The wheel goes round and round.
Making the perfect knife, or the perfect cup of tea, can be done by one person with just two or three tools. But you have to know how to get everything just right, and that requires a lot of knowledge and experience.
You can make a machine or abstractions to handle most of these things, but rather than reach perfection, they just reach a reliably satisfactory facsimile.
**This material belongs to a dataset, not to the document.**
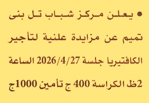HOT Information مزايدة علنية لعملية تأجير الكافتيريا عن جريدة الأهرام Post navigation الشركة المصرية لإنتاج الأمصال واللقاحات والأدوية مركز شباب اسنيت

We keep tinkering, like an amateur sculpter carving out a mountain, because we're still hoping for perfection.
Although i understand Voltaire was using an cracked version of HoTMetaL Pro to make his web pages, so the whole premise is a little questionable.
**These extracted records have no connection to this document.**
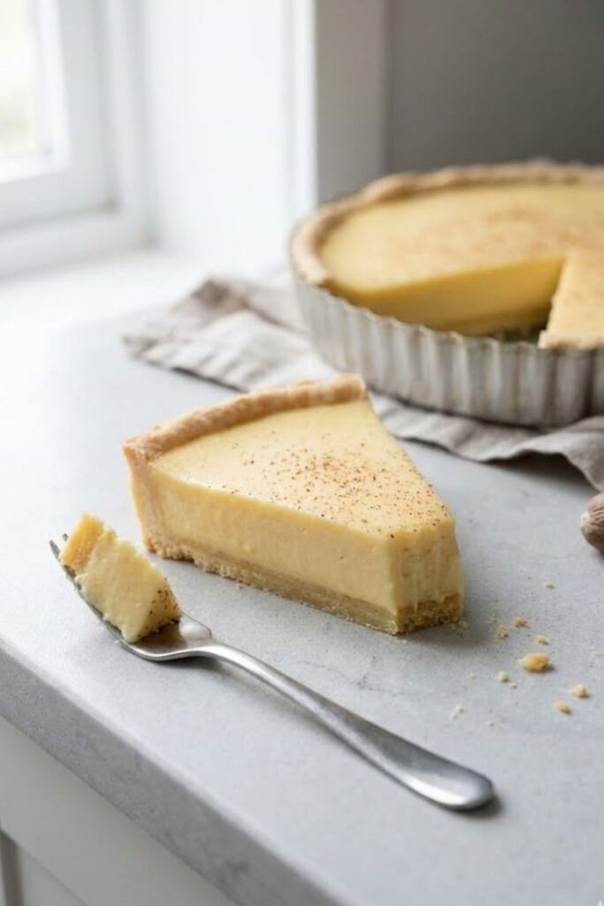 - Bake: Sprinkle the top generously with freshly grated nutmeg. Bake for 30–40 minutes. The tart is ready when it is set around the edges but still has a slight, jelly-like wobble in the center.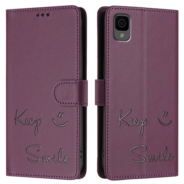 Funda de Cuero Rfid para TCL 30Z T602Dl con Relieve Sonriente (Violeta)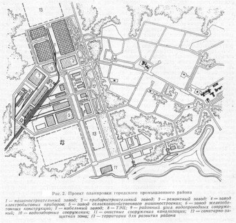 Главным условием при решении планировочной структуры городского промышленного района является предварительная планировка его территории, устанавливающая основы планировочной организации, последующего планомерного размещения промышленных предприятий и других производственных объектов с учетом территориального их объединения в группы и возможности всестороннего кооперирования.

> Shouldn't this literally be a single page, hand-built HTML file with inline CSS? Is this trying to be self-ironic or something?
Yes?
I can't be certain but I think that was the point.
> It's complicated on porpuse btw, I wanted to do it in ReasonML and Graphql but didn't have time as this was done in an afternoon hackathon
And yeah probably the ironic thing. This sort of page should be simple, much as a wide portion of websites out there.
What’s the solution here?
I recently got to watch someone spend nearly a full week fiddling with building a React app for filling out a form for submitting a batch job on an intranet site. It's a lot of code, and it's non-trivial to understand how it works, what with all the async methods and clever state management and whatnot. It needs to be built, which is a thing, and building it requires having the right environment setup. (Its build speed reminds me of my C++ days, too.) I wouldn't be surprised if someone's already talking about incorporating Docker into its future.
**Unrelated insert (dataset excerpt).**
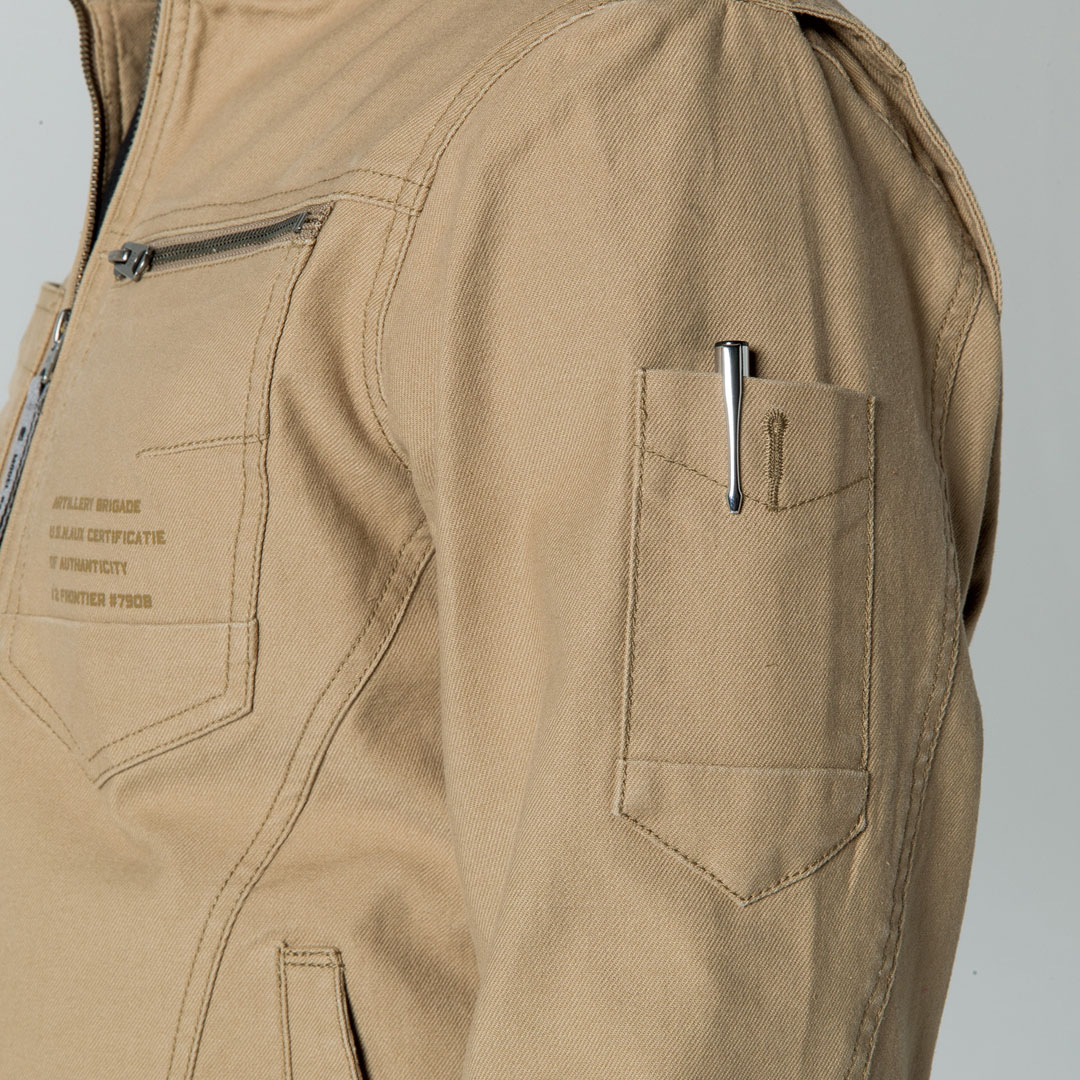 ▶ボリューム感のあるストレッチバックツイルが快適な着心地を実現。▶全ての金属製の資材は国産YKKを使用。細部にまで品質にこだわっています。▶ライダーステイスト溢れる高いデザイン性と汎用性を両立。幅広いシーンに対応します。▶袖は3Dパターンを採用し、更なる動きやすさを追求しています。

At least to me, that's a rather arresting amount of time and money to see being sunk into a job that could have been accomplished with a simple HTML form on a static page.
We're just starting. IMO, if we started from a better language than JS, we would take stuff like data-binding in react for Granted, since it would be much easier to this stuff it in other languages.
The tools we use are insignificant, what's important is the result. If the result is a HTML file with inline CSS, who cares how it was created? You can use punchcards and a 20ton 'computer' for all I care.
I will tack on my own opinion that building sites that only function with javascript is a massive disservice to everyone. From disabled people with accessibility needs, to old hardware/software, and even to security/privacy conscious people the JS paradigm is a massive problem. The trend for "new shiny" has become ridiculous and I find most modern websites to be pretty but rather useless. I have to scroll forever past slices with massive images and marketing lingo just to find something that seems potentially helpful but just goes on to more marketing bullshit.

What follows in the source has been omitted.